EXERCISE AIM: What should be copied is the stretch of entries below from the line with "Map: Tetra Tech" up to and including the line with "PATHS, PAVING & CONCRETE", exactly and without images.

EXERCISE DATA:

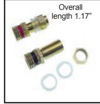
30-601 1 Red, 1 Black 30-601-BK 1 Black 30-601-RD 1 Red Banana/Binding Post Solderless speaker termination on each end. Accepts banana style connectors or raw speaker cable up to 14AWG. Mounts in 3/8" hole.
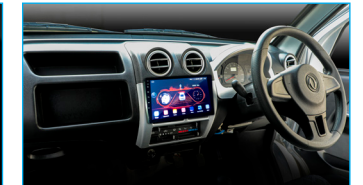
Prestige And Wider Feel
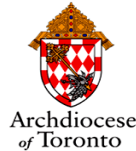
Archdiocese of Toronto

The Annual Weekend Attendance Count by the Archdiocese of Toronto will take place on the weekends of October 19/20 and October 26/27. A headcount survey will be conducted on these two weekends to help provide an accurate profile of Mass attendance in the archdiocese. Thank you for your cooperation. Durante i fine settimana del 19 e 20 ottobre e 26 e 27 ottobre, la nostra parrocchia parteciperà all' annuale contabilità, progetto dell'Arcidiocesi di Toronto. In questi due weekends, un sondaggio sarà condotto da un contabile, che fornirà un profilo accurato di tutte le presenze alle Messe Domenicali In tutta l'Arcidiocesi. Grazie per la vostra collaborazione.
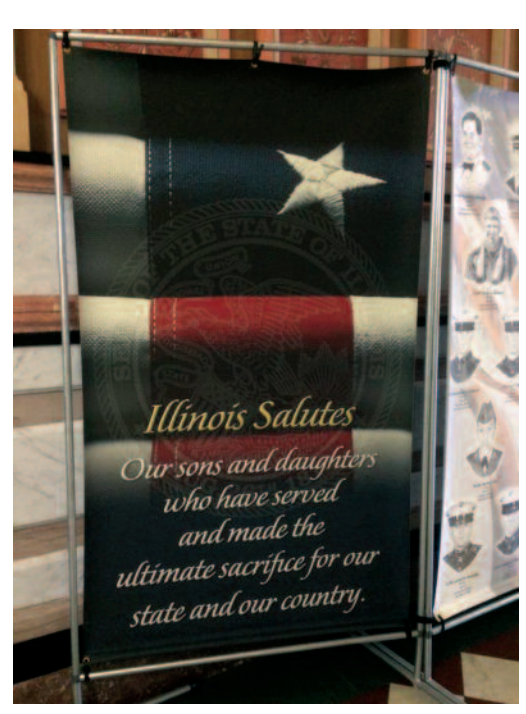
The IDVA displayed 'Portrait of a Soldier' in the rotunda of the State Capitol.

The Grants Division is responsible for all grant accounting functions. This includes managing the processing and awarding of state and federal grants and administration and monitoring of the Vets Cash Scratch-Off Lottery Ticket Program. The division also assists with the design and development of grants and proposals for State, Federal and private sector to acquire funding for veterans' programs, ensuring that requests for federal assistance and grants are submitted to reduce state expenditures
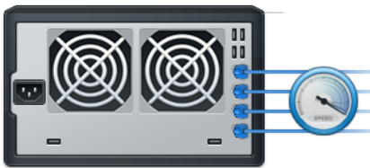
Figure 2) Superior Performance

Synology High Availability ensures seamless transition between clustered servers in the event of server failure with minimal impact to businesses.
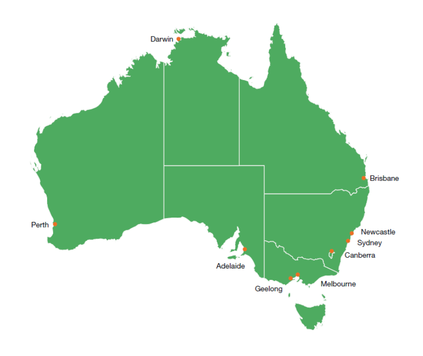
Map: Tetra Tech Coffey Australia office locations

Tetra Tech International Development and Norman Disney & Young have already begun their reconciliation journeys, establishing Reflect RAPs in 2018 and 2020 respectively. Both companies are now implementing their Innovate RAP's.
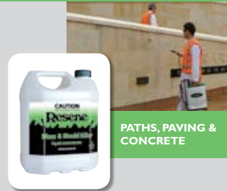
PATHS, PAVING & CONCRETE

Resene Moss & Mould Killer is a hypochlorite based wash designed to kill and bleach most common moulds and fungus within 48 hours. Recommended prior to repainting cementitious surfaces where mould growth is normally present. Moss and mould must be treated before painting to avoid discolouration and damage of the new paint system.
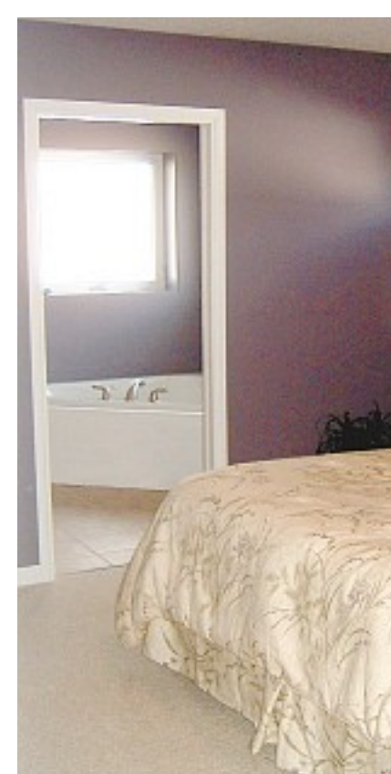
Master bedroom, looking toward the ensuite entrance.
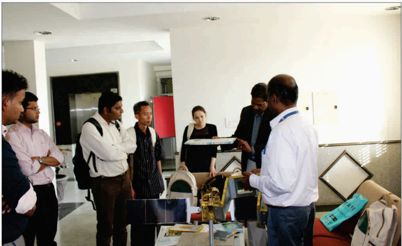
CSSTEAP participants during the demonstration session

IRS & SSS Programme, ISRO Satellite Centre, ISRO, Department of Space, Government of India, Vimanapura Post, Bengaluru-560017, India. Tel: +91-80-25082637, Fax: +91-80-25082444
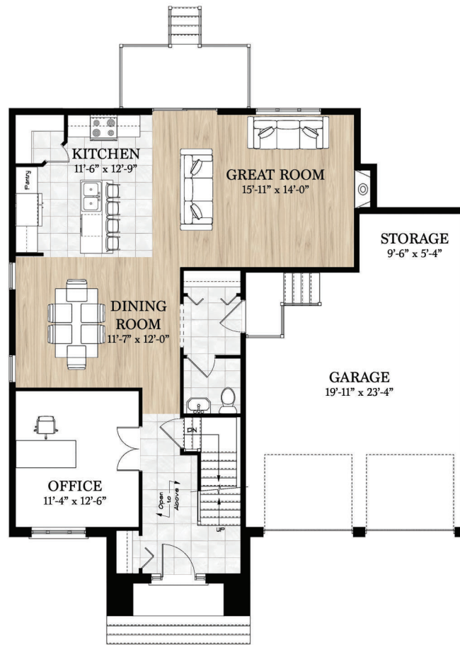
Main Floor Plan
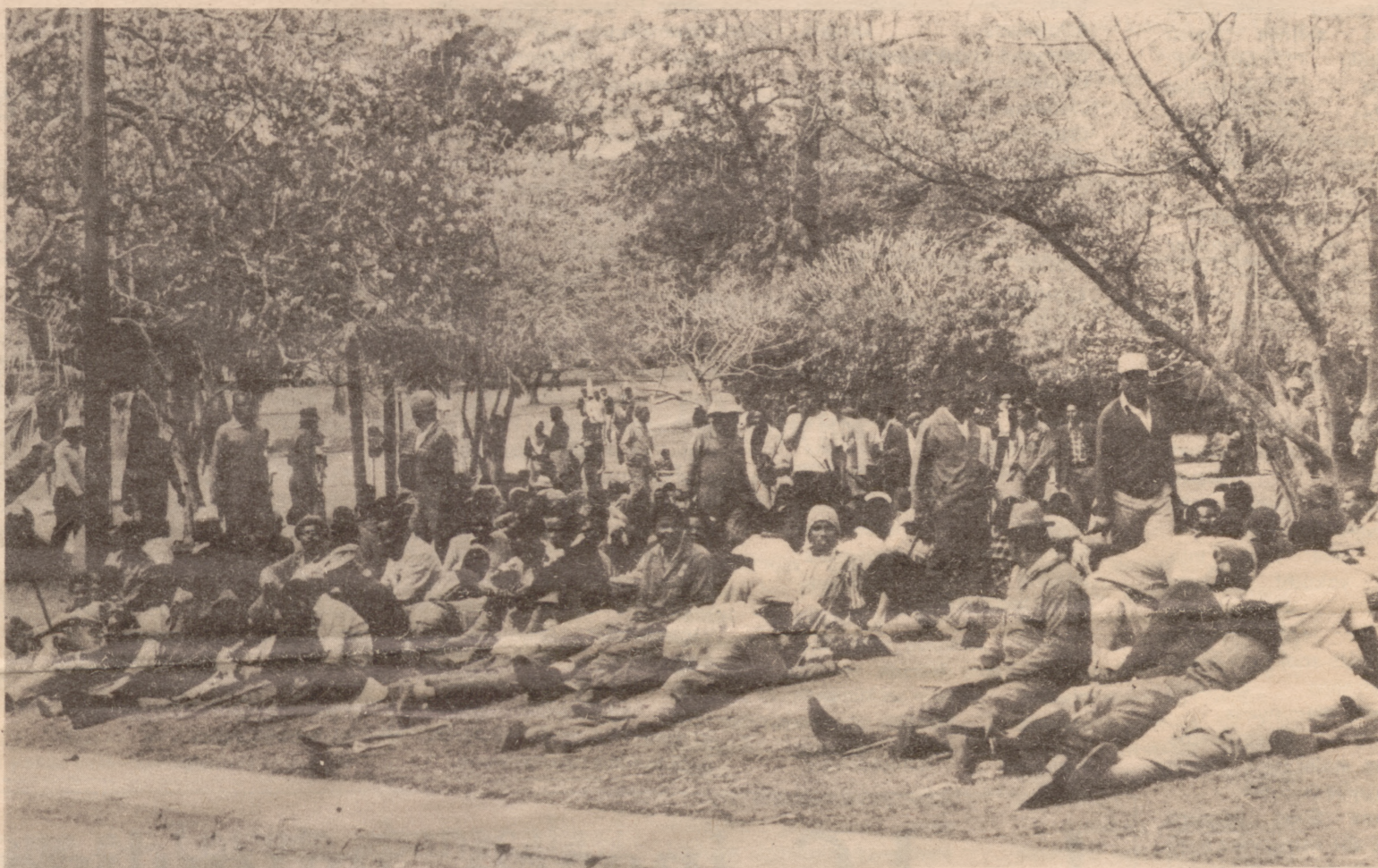
Izinkinga zempesheni muva nje kwa-Huletts e-Mt. Edgecombe

* Uma bethola imali yempesheni enkampanini, balahlekelwa yilungelo loku-thola eka Hulumeni.
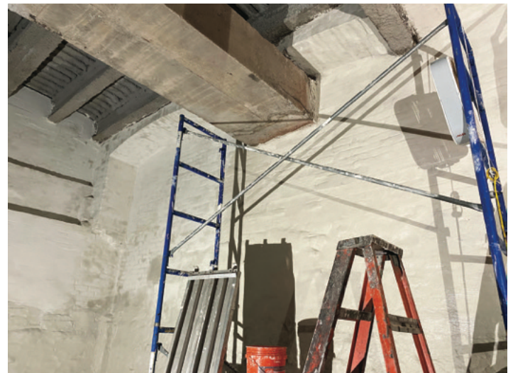
Left: Positive-side foundation waterproofing is applied to the exterior. Right: Negative-side waterproofing is on the interior.
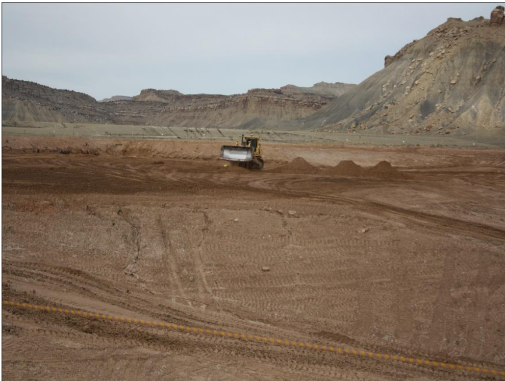
Photo 16. RRM Placement March 21, 2017

FINISHED EXERCISE:
Map: Tetra Tech Coffey Australia office locations

Tetra Tech International Development and Norman Disney & Young have already begun their reconciliation journeys, establishing Reflect RAPs in 2018 and 2020 respectively. Both companies are now implementing their Innovate RAP's.
PATHS, PAVING & CONCRETE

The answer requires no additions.